PADANG — Pemerintah Provinsi Sumatera Barat tidak hanya mengandalkan Anggaran Pendapatan dan Belanja Daerah (APBD) untuk membiayai pembangunan. Gubernur Mahyeldi Ansharullah mengungkapkan dua sumber pembiayaan alternatif tengah disiapkan: penerbitan sukuk dan obligasi daerah, serta optimalisasi pengelolaan aset daerah.

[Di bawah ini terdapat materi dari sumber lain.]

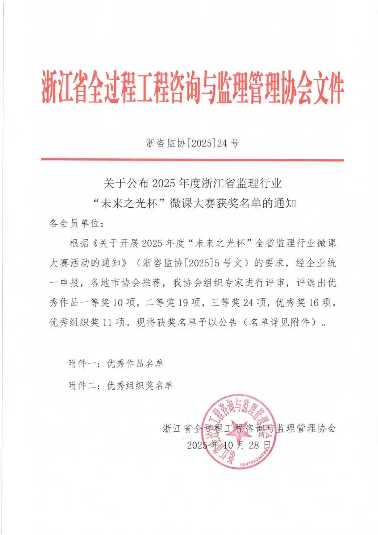 “未来之光杯”微课大赛是浙江省监理行业的重要赛事,旨在推动行业知识共享与技术创新,提升监理人员的专业素养和技能水平。本次获奖不仅是对参赛团队实力的认可,更是对公司专业管理能力的充分肯定。

Hal itu disampaikan Mahyeldi dalam Rapat Paripurna DPRD Sumbar, Senin (22/6/2026), saat menjawab pandangan umum fraksi terhadap Rancangan Peraturan Daerah tentang Pertanggungjawaban Pelaksanaan APBD Tahun Anggaran 2025. Ia menekankan bahwa pembangunan tidak boleh berhenti meskipun anggaran daerah fluktuatif.
Mahyeldi menjelaskan bahwa kapasitas fiskal daerah semakin terbatas dari tahun ke tahun. Pemprov Sumbar pun mencari sumber-sumber pembiayaan alternatif untuk mempercepat pembangunan tanpa membebani masyarakat.
“Kita perlu mencari sumber-sumber pembiayaan alternatif untuk mempercepat pembangunan. Sukuk menjadi salah satu instrumen yang kita siapkan agar pembangunan tetap berjalan meskipun kemampuan APBD memiliki keterbatasan,” kata Gubernur.
Kesiapan Sumbar dalam menerbitkan sukuk bahkan telah mendapat perhatian Islamic Development Bank (IsDB). Gubernur Mahyeldi diundang untuk mempelajari praktik creative financing di Jepang.
Selain sukuk, Gubernur menyoroti pengelolaan aset daerah yang dinilai belum optimal. Sebagian besar fraksi DPRD menilai aset pemerintah daerah memiliki potensi besar untuk mendukung peningkatan pendapatan apabila dikelola secara tertib, produktif, dan berorientasi pada manfaat ekonomi.
“Selama ini perhatian terhadap pengelolaan aset, memang belum seoptimal pengelolaan keuangan daerah,” aku Mahyeldi. Ia memastikan masukan DPRD terkait pendataan, penataan, dan pemanfaatan aset akan ditindaklanjuti secara serius oleh seluruh perangkat daerah.
Gubernur juga menyinggung potensi besar dari masyarakat perantau Minangkabau. Remitansi yang dikirimkan ke kampung halaman diperkirakan mencapai lebih dari Rp20 triliun setiap tahun.
Menurut Mahyeldi, potensi tersebut dapat menjadi kekuatan ekonomi daerah apabila mampu dikelola dan diarahkan untuk mendukung pembangunan. Dibutuhkan sinergi antara pemerintah provinsi, kabupaten/kota, dan nagari agar dana perantau tidak hanya mengalir untuk konsumsi, tetapi juga investasi produktif.
“Di tengah berbagai kebijakan efisiensi dan penyesuaian fiskal nasional, daerah dituntut semakin kreatif dalam menggali sumber-sumber pendanaan pembangunan tanpa mengurangi kualitas pelayanan kepada masyarakat,” tegasnya.
Dalam kesempatan yang sama, Mahyeldi mengapresiasi dukungan DPRD atas capaian Opini Wajar Tanpa Pengecualian (WTP) yang kembali diraih Pemprov Sumbar. Opini tersebut berdasarkan hasil pemeriksaan Badan Pemeriksa Keuangan (BPK) atas laporan keuangan Tahun Anggaran 2025.
Rapat paripurna tersebut dihadiri pimpinan dan anggota DPRD Provinsi Sumbar, Sekretaris Daerah Provinsi Sumbar, serta seluruh kepala perangkat daerah di lingkungan Pemprov Sumbar.